Vierville-sur-Mer (AFP) - Peringatan ke 76 pendaratan tentara sekutu Perang Dunia II di Prancis pada Sabtu digelar sesederhana mungkin lantaran pembatasan pencegahan virus corona.

Perayaan yang biasanya menarik kerumunan besar diadakan tanpa kehadiran veteran dan sengaja dibuat "sederhana, biasa dan solid" demikian menteri angkatan bersenjata junior Prancis, Genevieve Darrieussecq.

Pertempuran tersebut melibatkan lebih dari 200.000 tentara dari kedua belah pihak pada akhir 6 Juni 1944, dan sementara jumlah kematian belum dipastikan, BBC mengutip sebanyak 4.400 di antara Sekutu, dengan estimasi 4.000 - 9.000 orang Jerman.

Di Vierville-sur-Mer, yang banyak dikenal sebagai Pantai Omaha, tim pemantau udara Patrouille de France mempertunjukkan dua atraksi pada Sabtu, menjejaki asap biru, putih dan merah untuk membuka upacara yang dihadiri oleh sekitar 100 undangan, termasuk duta besar dari delapan negara yang bersekutu dan Jerman.

Perwakilan dari Belgia, Inggris, Kanada, Denmark, Belanda, Norwegia, Polandia serta Amerika Serikat menandai operasi militer yang terdiri atas "tentara yang memperjuangkan nilai-nilai republik kami, kebebasan kami, demokrasi kami," kata Darrieussecq kepada media.

Usai bendera negara mereka berkibar dan karangan bunga diletakkan, upacara yang dipersingkat tersebut diakhiri dengan jet F-15 AS dan sebuah tanker terbang di atas kepala.

Presiden Prancis Emmanuel Macron melalui cuitan di Twitter mengatakan: "Saya memikirkan mereka yang, ribuan kilometer dari rumah, berjuang membebaskan Prancis bersama petempur perlawanan kami.

"Mari kita berkumpul bersama, atas nama kebebasan.
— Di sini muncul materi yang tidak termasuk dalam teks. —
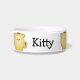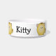 A personalized bowl for your feline friend featuring a cute cartoon cat around the side of the bowl with the name written on both front and back. Change the name for your own cat's name - a perfect gift for a cat lover.
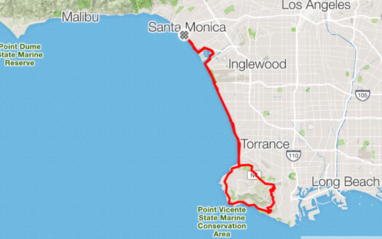 Santa Monica to Palos Verdes - 59.07 mi / 95.07 km.
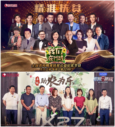 政府与媒体合作加强公益宣传,通过媒体平台引导市民关注、参与脱贫攻坚。东方卫视精准扶贫公益纪实节目《我们在行动》(上图)和阿基米德FM《自然的馈赠》,帮助贫困地区销售农产品超过1.4亿元;东方卫视热门综艺节目《极限挑战》(下图)积极参与助农扶贫。
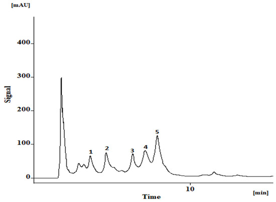 HPLC-DAD profile (340 nm) of the hydroethanolic extract from A. africanus stem bark. Compounds: (1) vicenin-2; (2 and 3) vicenin-2 derivatives; (4) 2″-O-rhamnosyl vitexin; and (5) 2″-O-rhamnosyl vitexin derivative.
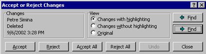 Odata ce un document a fost configurat ca sa urmareasca modificarile facute in el, poti sa revezi schimbarile si sa decizi daca vrei sa le accepti sau daca nu. Folosesti secventa: Tools => Track Changes => Accept Or Reject Changes
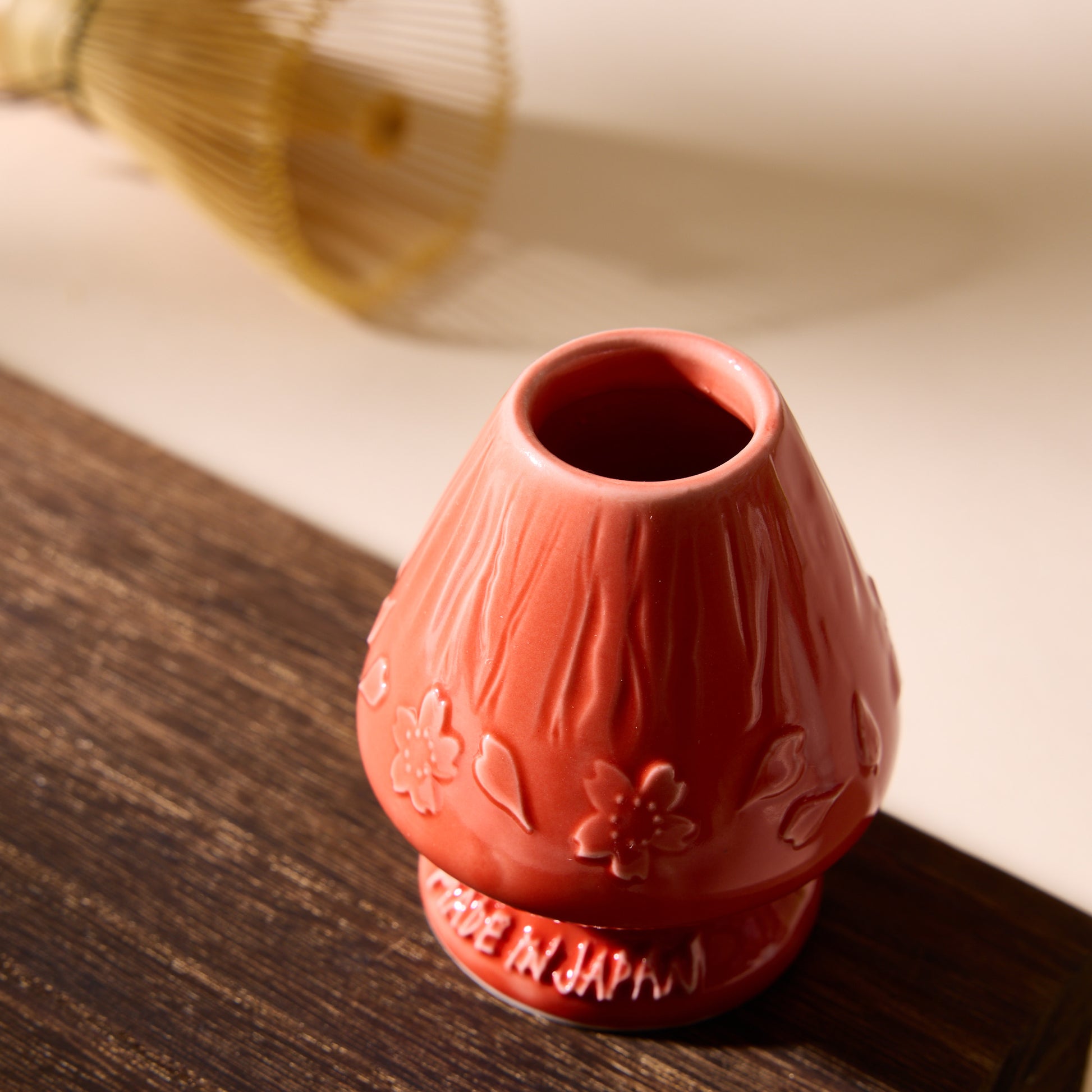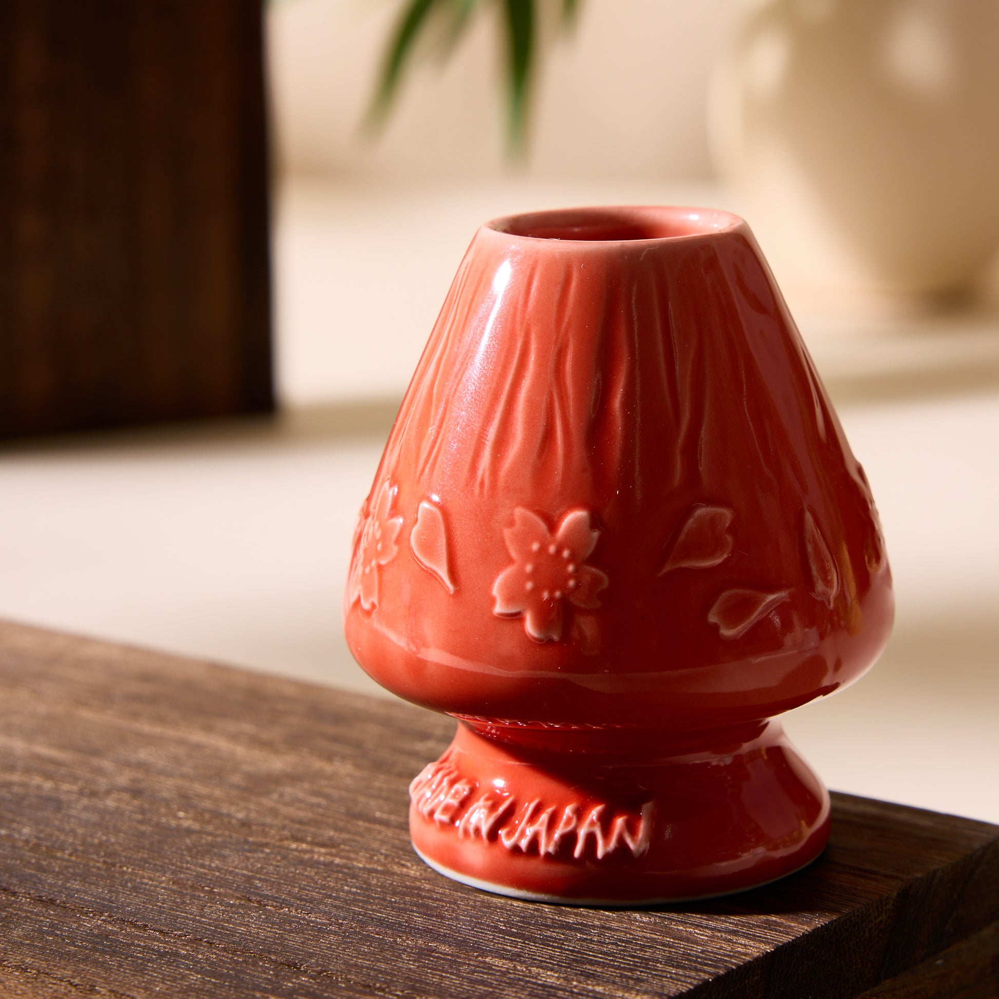 Similarly shaped like the majestic peak of Mt. Fuji, this red stand is designed to cradle your chasen (茶筅) bamboo whisk and help maintain its delicate shape.

Jangan pernah melupakan pahlawan kita."

Marie-Christine Costy, presiden asosiasi setempat, mengatakan kepada AFP: "Sayangnya tahun ini kita tidak bisa menghadiri upacara, yang tidak pernah saya lewatkan, disayangkan."
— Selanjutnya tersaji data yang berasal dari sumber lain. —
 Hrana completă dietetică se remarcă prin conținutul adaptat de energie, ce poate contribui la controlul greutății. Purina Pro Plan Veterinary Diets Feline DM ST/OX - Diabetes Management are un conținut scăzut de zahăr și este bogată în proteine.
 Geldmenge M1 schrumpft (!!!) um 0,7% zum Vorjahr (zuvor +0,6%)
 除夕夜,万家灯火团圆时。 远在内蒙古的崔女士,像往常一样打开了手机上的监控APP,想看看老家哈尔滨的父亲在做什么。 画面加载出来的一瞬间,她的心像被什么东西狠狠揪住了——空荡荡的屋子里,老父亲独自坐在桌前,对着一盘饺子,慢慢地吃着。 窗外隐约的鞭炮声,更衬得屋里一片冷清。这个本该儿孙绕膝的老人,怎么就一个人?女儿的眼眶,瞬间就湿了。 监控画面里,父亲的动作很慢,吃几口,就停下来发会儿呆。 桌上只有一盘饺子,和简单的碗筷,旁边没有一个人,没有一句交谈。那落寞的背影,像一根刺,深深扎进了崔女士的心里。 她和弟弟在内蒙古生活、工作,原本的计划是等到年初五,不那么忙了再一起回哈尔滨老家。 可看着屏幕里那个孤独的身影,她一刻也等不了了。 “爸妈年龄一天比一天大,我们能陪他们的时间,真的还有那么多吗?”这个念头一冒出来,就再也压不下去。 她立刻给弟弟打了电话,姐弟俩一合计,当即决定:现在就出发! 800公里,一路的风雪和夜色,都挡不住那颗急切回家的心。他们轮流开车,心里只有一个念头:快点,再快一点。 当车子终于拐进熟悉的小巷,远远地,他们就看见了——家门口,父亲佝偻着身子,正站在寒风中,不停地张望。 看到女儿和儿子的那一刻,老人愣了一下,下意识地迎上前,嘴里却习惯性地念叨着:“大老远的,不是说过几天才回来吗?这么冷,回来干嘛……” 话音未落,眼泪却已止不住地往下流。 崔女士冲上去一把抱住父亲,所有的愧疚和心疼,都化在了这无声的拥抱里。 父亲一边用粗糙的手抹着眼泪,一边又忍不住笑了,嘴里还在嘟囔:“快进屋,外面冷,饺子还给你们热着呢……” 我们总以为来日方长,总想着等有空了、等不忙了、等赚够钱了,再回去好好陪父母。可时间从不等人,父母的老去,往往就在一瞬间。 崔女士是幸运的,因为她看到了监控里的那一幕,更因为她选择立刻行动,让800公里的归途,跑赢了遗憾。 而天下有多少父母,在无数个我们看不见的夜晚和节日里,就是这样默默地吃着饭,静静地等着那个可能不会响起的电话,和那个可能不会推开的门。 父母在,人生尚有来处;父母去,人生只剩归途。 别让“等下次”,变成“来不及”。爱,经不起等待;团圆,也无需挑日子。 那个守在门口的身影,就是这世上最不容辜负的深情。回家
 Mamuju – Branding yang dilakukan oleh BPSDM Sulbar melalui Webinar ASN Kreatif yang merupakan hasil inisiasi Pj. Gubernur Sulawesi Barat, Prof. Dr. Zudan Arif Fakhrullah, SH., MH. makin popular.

Menurutnya, banyak orang yang membatalkan perjalanan ke area tersebut, yang menjadi "secuil bencana" bagi mereka yang bergantung pada pariwisata.
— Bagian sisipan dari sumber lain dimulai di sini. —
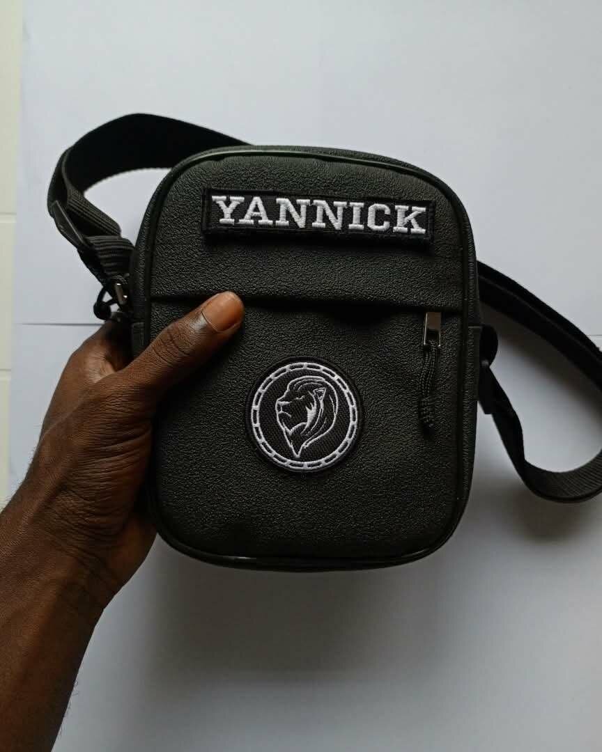 Sacoche KINGDOM. Sacoche en gomme, 3 poches (recto, verso, grande principale) NB: Nom détachable, possibilité d'en faire plusieurs en raison de 1000fr par surplus de nom. Livraison et expédition à vos frais.
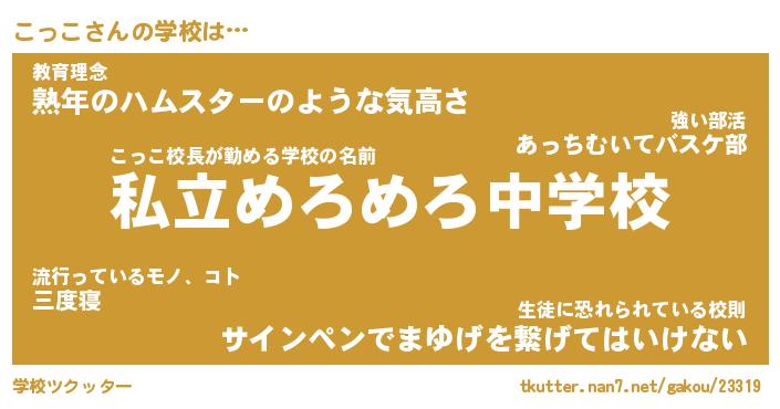 | 男性向けラノベタイトル風あだ名 | 『こっこの憂鬱』 |
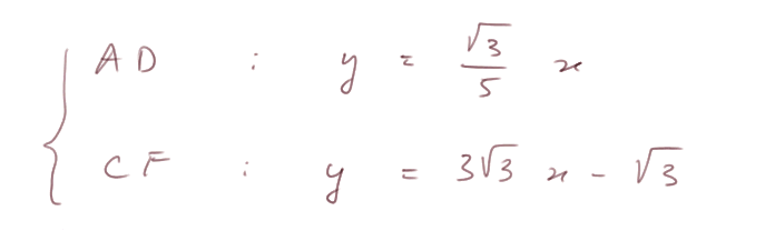 Droite AD : elle passe par l'origine, donc son équation est de la forme y = ax. Et elle passe par D (5/6 ; (√3)/6), donc ça nous donne une contrainte sur "a" :
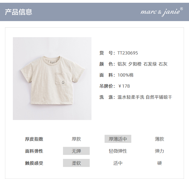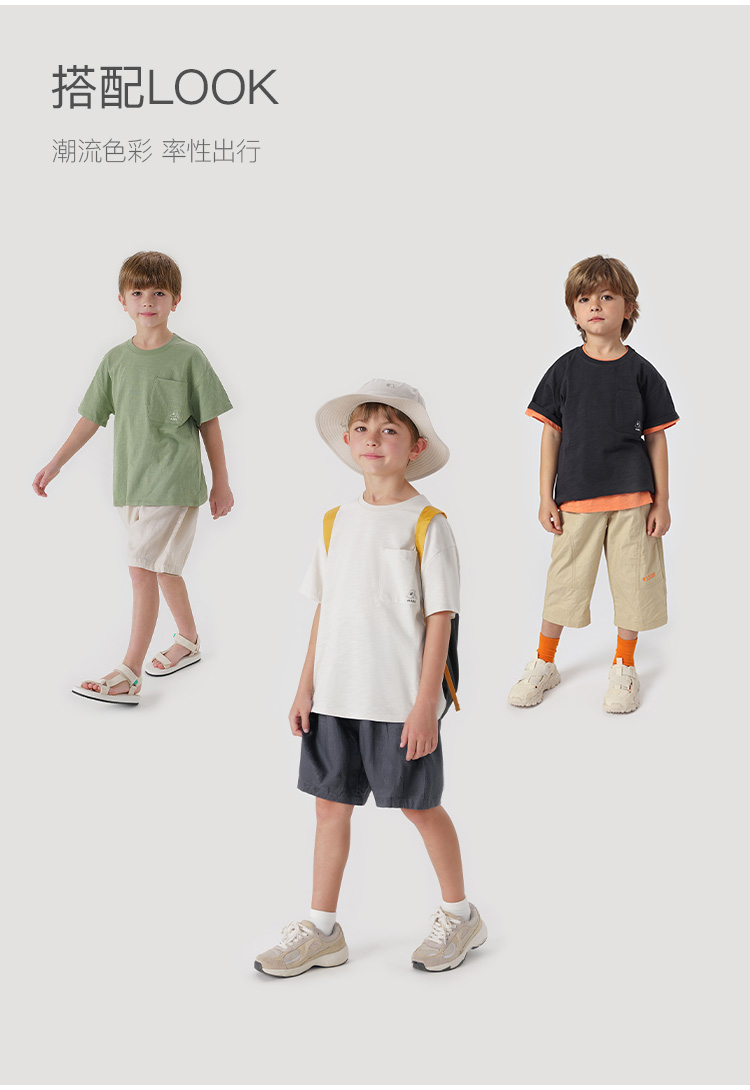 【户外风】马克珍妮夏装新款 男童竹节棉透气短袖T恤230695
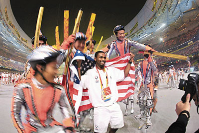 參選奧運會的美國運動員都是從當地大學選拔出來的。圖為美國運動員在京奧閉幕式與表演人員合照留念。 資料圖片
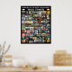 Create your own photo collage poster print for your graduate utilising this easy-to-upload photo collage template with 70 square and rectangle pictures to accommodate a wide variety of photo subjects that you can personalise with a custom title and name in your choice of font styles, sizes and colours (shown with white text on a black background). The sample shows CONGRATS TO OUR YEAR GRAD! and name. Make changes in EDIT. Showcase your graduate through the years at their graduation party and/or make as a commemorative keepsake for the graduate, parents and grandparents. OPTIONS: The sample is shown in a 24x30" size on Value Paper (Matte); other standard and custom print sizes and paper quality, Instant Digital Download file for printing locally or transferring the design to a foam board, banner or other product options are available on the ordering page. RESIZING TIP: Choose Custom Size for even borders by changing the height and width proportionately AFTER clicking the UNLOCK icon (looks like a chain link). ASSISTANCE: For help with design modification or personalisation, resizing or transferring the design, contact the designer BEFORE ORDERING via the Zazzle Chat MESSAGE tab or email makeitaboutyoustore@gmail.com.
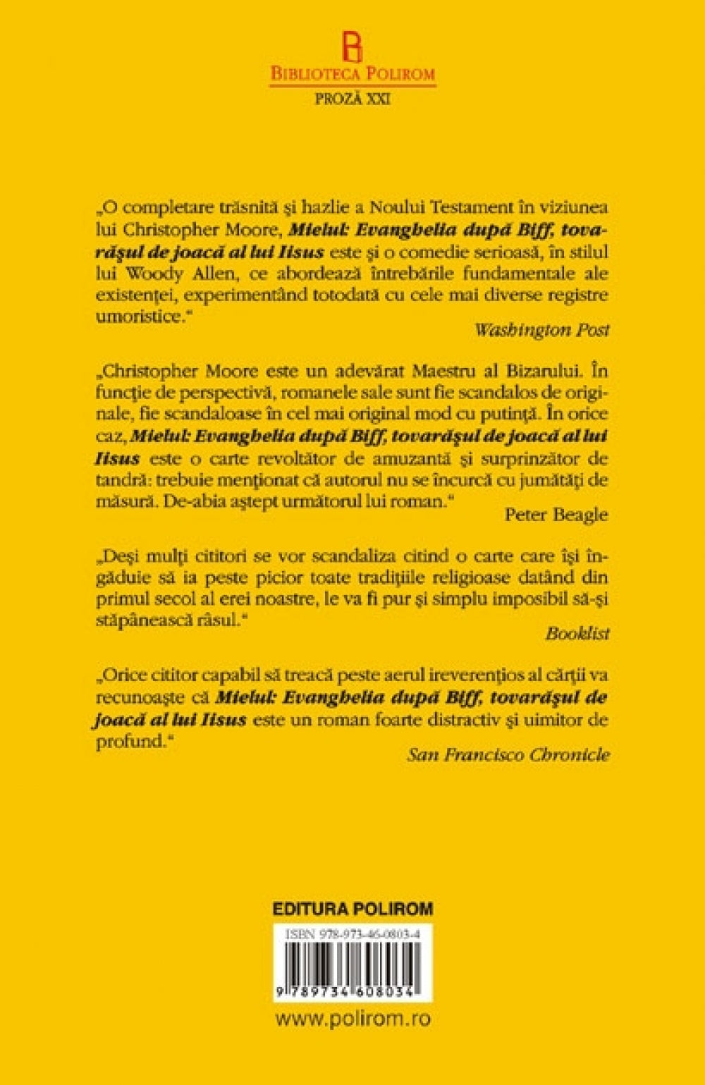 Mielul: Evanghelia dupa Biff, tovarasul de joaca al lui Iisus este o privire absolut ireverentioasa, dar tandra si plina de umor, aruncata in culisele istoriei sacre. Nasterea lui Iisus a fost consemnata in Evanghelii, ca si invataturile, faptele si sacrificiul sau divin. Insa nimeni nu stie nimic despre copilaria Fiului Domnului – nimeni in afara de prietenul sau, Biff. Inca din ziua in care Levi, fiul lui Alfeu, poreclit Biff, l-a intilnit pe Iosua din Nazaret, pe atunci in virsta de sase ani, surprinzindu-l pe cind invia o sopirla, cei doi au devenit nedespartiti. De aceea, ingerul Raziel l-a readus pe Biff la viata si l-a incuiat intr-o camera de hotel din Statele Unite ale Americii pentru a scrie o noua Evanghelie, povestea nestiuta de nimeni altcineva. Intre timp, Raziel comanda pizza, se uita la seriale siropoase si aspira sa devina Omul Paianjen. Si, la rindul ei, istoria lui Biff e intesata de minuni, calatorii cu totul neobisnuite, vindecari si invieri miraculoase, kung fu, demoni si tipe tari. Pericolul pindeste la tot pasul, caci, incapabil sa minta sau sa comita vreun act de violenta, Iosua isi face o multime de dusmani. Din fericire, Biff este un maestru al inselaciunii, petrecaret si cu limba ascutita, gata sa-si puna talentele in slujba amicului sau.

Saat banyak upacara turut dibatalkan, sejumlah acara digelar di pemakaman Inggris di Bayeux, di Pantai Juno, lokasi tentara Kanada mendarat, dan di pemakaman AS di Colleville-sur-Mer, di mana Charles Norman Shay (96) adalah satu-satunya veteran AS yang hadir.

Peringatan tersebut juga berlangsung di Arromanches dan Ouistreham untuk menghormati 177 marinir Prancis, yang merupakan satu-satunya pasukan Prancis berseragam yang berpartisipasi dalam pendaratan tersebut.